Turing Machines (TM) are a computational structure that is quite a step up from pushdown automata in terms of capabilities. In fact in a certain sense they are strong enough to capture the idea of computation in general.

Here are some comparisons between Turing Machines and PDAs/DFAs:

Turing Machines operate on an infinitely long tape, and at any given time the machine is pointing at some location in the tape, and is at some state. To transition, it can make a move left or right.

Here is the formal definition:

Turing Machines

A Turing Machine is a 7-tuple \((Q, \Sigma, \Gamma, \delta, q_0, q_{\textrm{accept}}, q_{\textrm{reject}})\) where:

  1. \(Q\) is a finite nonempty set of states.
  2. \(\Sigma\) is a finite input alphabet, not containg a special “blank symbol”.
  3. \(\Gamma\) is a finite tape alphabet, containing \(\Sigma \subset \Gamma\) and a special blank symbol \(\sqcup\) representing the lack of a value at that location in the “tape”.
  4. \(\delta\colon Q\times\Gamma \to Q\times\Gamma\times \{L, R\}\) is a transition function. Based on the value at the current location in the tape, as well as the current state, the automaton can change the value at the location, switch to a new state, and also move the pointer/head to the left or to the right (L/R).
  5. \(q_0\in Q\) is a start state.
  6. \(q_{\textrm{accept}}\in Q\) is the accept state
  7. \(q_{\textrm{reject}}\in Q\) is the reject state, distinct from \(q_{\textrm{accept}}\).

Computation in a Turing Machine

We often describe Turing machines more informally than listing states and transitions, by describing the steps to be performed, with an understanding that if needed we could write down states and transitions to carry out those steps. Let us look at an example of such an informal description:

Design a TM that recognizes the language \(L=\left\{w\#w \mid w\in\{0,1\}^*\right\}\).

You will recall that this was one of the languages that pushdown automata could not handle.

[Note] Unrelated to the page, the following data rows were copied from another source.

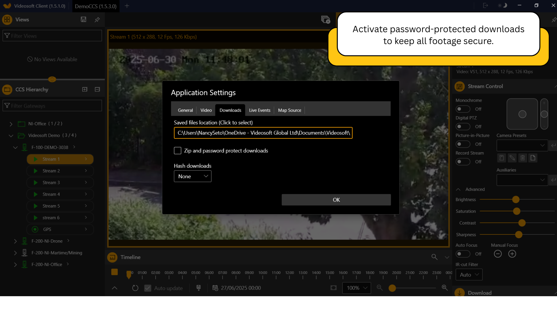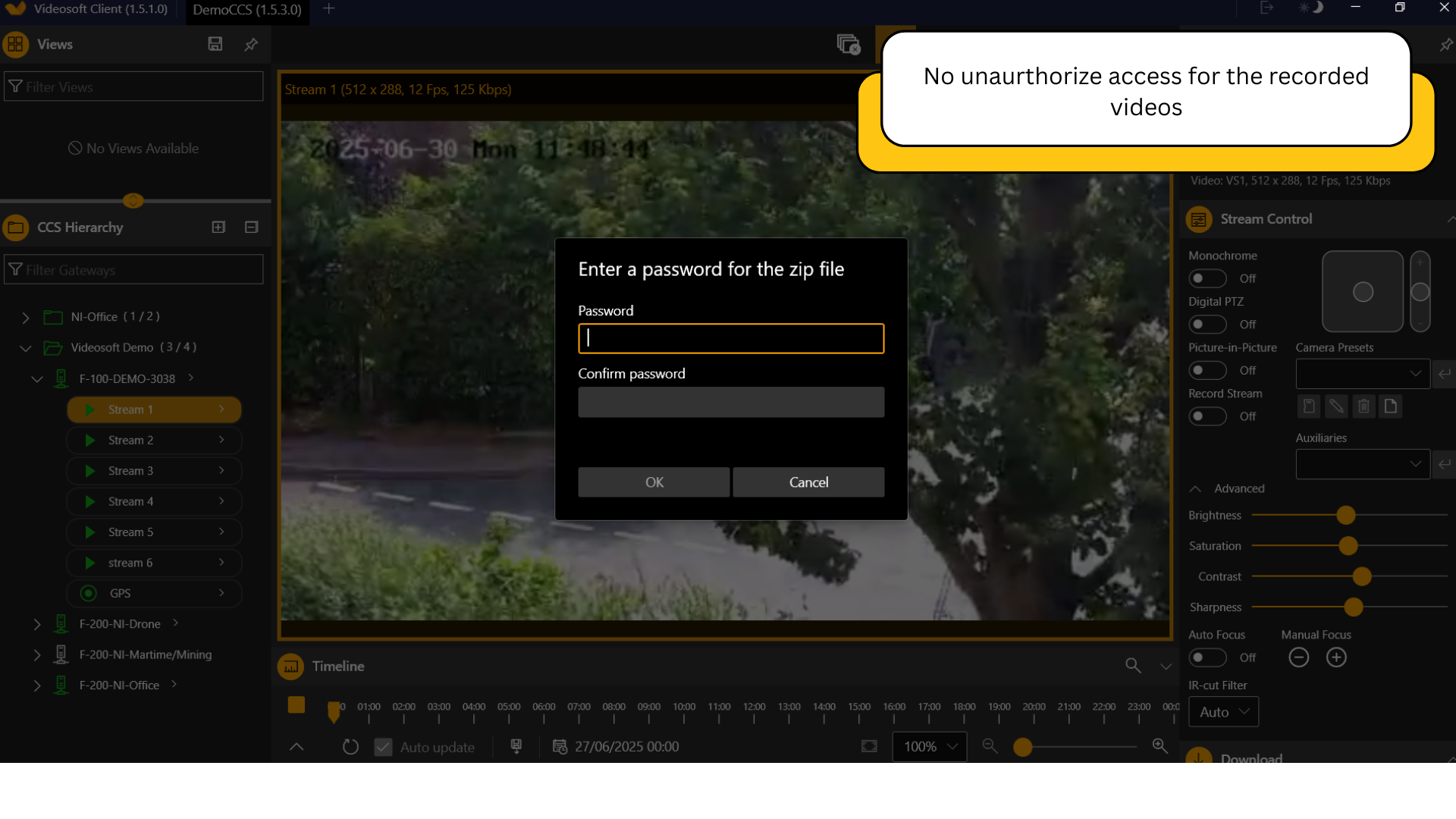 Password protection ensures only trusted individuals can download and view footage.
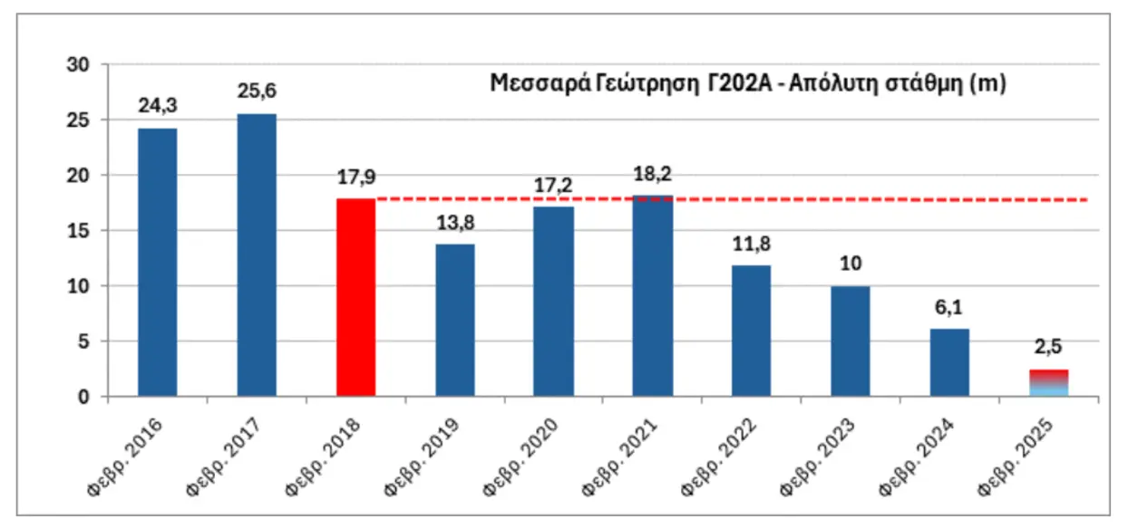 Φράγματα 1. Το φράγμα Μπραμιανών στην Ιεράπετρα έχει ωφέλιμο όγκο νερού 14.500.000 κυβικά μέτρα. Στα μέσα Μαρτίου 2025, η ποσότητα νερού του φράγματος ανερχόταν σε 3.897.100 κυβικά μέτρα, ενώ κατά τον περυσινό Μάρτιο η ποσότητα νερού έφτανε στα 9.575.100 κυβικά μέτρα. 2. Το φράγμα Φανερωμένης στη Μεσσαρά με ωφέλιμο όγκο νερού 18.000.000 κυβικά μέτρα, είναι σε πολύ χαμηλά για την εποχή επίπεδα, και η ποσότητα του διαθέσιμου νερού βρίσκεται στο όριο ασφάλειας λειτουργίας του φράγματος. 3. Το φράγμα Αποσελέμη με ωφέλιμο όγκο νερού 27.000.000 κυβικά μέτρα, επίσης είναι σε πολύ χαμηλά για την εποχή επίπεδα (στοιχεία Ο.Α.Κ.). Τον Μάρτιο του 2024 τα αποθέματα ανέρχονταν σε 7.350.000 κυβικά μέτρα, ενώ τον φετινό Μάρτιο ανέρχονται σε 3.400.000 κυβικά μέτρα. 4. Το φράγμα Ποταμών στο Ρέθυμνο με ωφέλιμο όγκο νερού 17.500.000 κυβικά μέτρα, αντιθέτως με τα προηγούμενα φράγματα είναι σχεδόν πλήρες, ωστόσο αυτό δεν οφείλεται στις βροχοπτώσεις αλλά στο γεγονός ότι αξιοποιούνται μικρές ποσότητες νερού για άρδευση και ύδρευση.
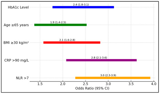 In Table 8, the analysis quantifies the risk associated with various factors for ICU admission among patients with COVID 9 and T2DM. Elevated HbA1c levels posed a 2.4-fold increased risk (95% CI 1.8–3.1, p = 0.001), underscoring the critical influence of glycemic control on disease severity. Additional factors such as age ≥ 65 years and a BMI ≥ 30 kg/m2 also significantly increased the risk of ICU admission, with odds ratios of 1.9 and 2.1, respectively (Figure 2).
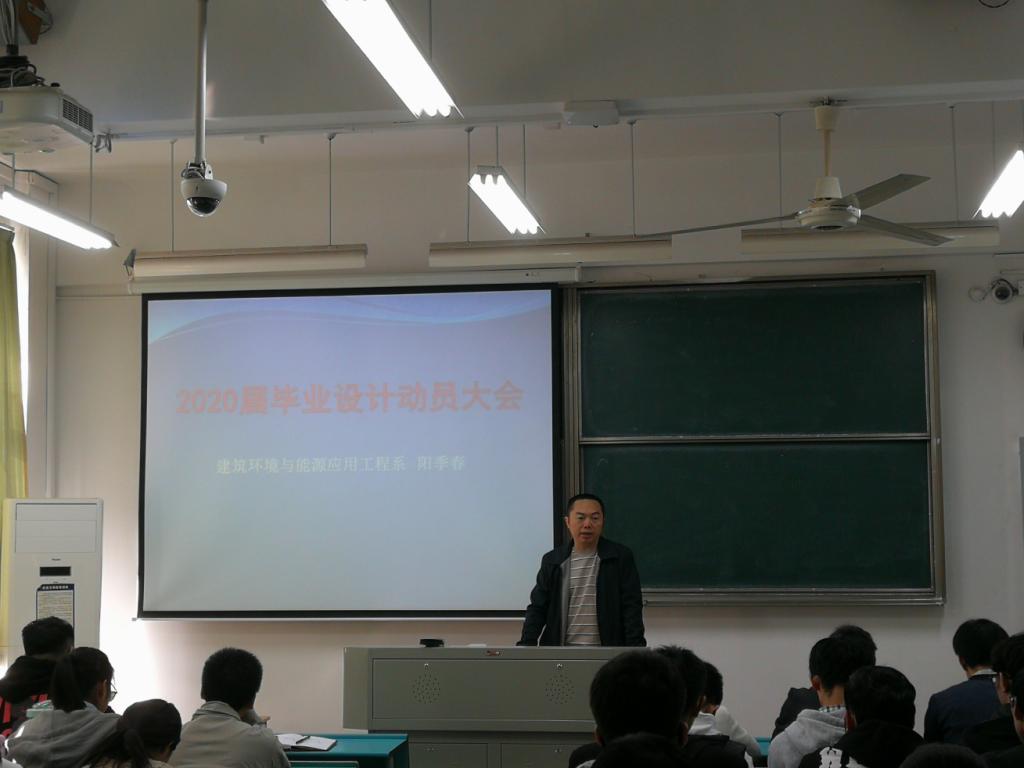 2019年10月30日,建环专业在教二A543教室召开2020届毕业设计动员大会,建环系主任阳季春老师主持,建环专业毕业设计指导老师出席。
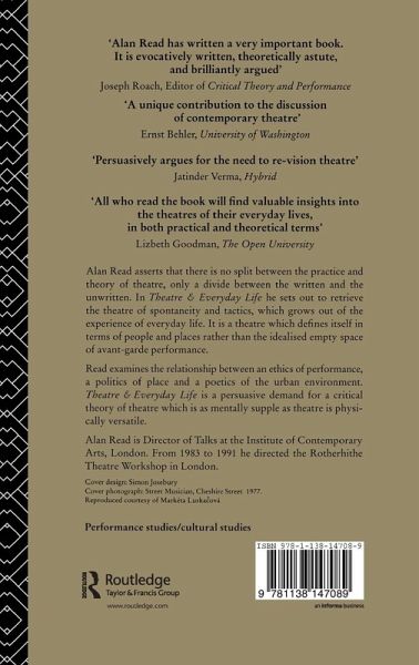 Read examines the relationship between an ethics of performance, a politics of place and a poetics of the urban environment.

Here’s how this TM could go:

  1. We assume that our tape alphabet \(\Gamma\) contains “dotted” versions of our symbols, \(\dot 0, \dot 1\). We can use those to mark locations.
  2. At the beginning we are the leftmost element. We replace it with a dotted version of it, and move to a state that remembers what that value was and searches for the \(\#\) marker.
  3. After we reach the marker, we look at the location after it and whether it matched the value from the other side, that we were keeping track of. If it does not, then we move to reject state. If it does, we mark the location, either via a dotted version of the value or via an x.
  4. Now we move left till we find the \(\#\) marker, then keep moving till we find the dotted value. We move to the value after it, (i.e. the first non-dotted value), dot that and remember it, then move to find its partner on the right side.
  5. We continue this back and forth until the point that we have looked at all the elements before the \(\#\) marker. This means we have matched everything to the left of the \(\#\) marker with the corresponding spots on the right.
  6. All that is left is to travel to the right past all the x-ed out values, and see if the next thing is the blank, or if there are still more values out there. If it is blank, it means we have matched the string before \(\#\) with the string after it, and so we move to accept. If not, we move to reject.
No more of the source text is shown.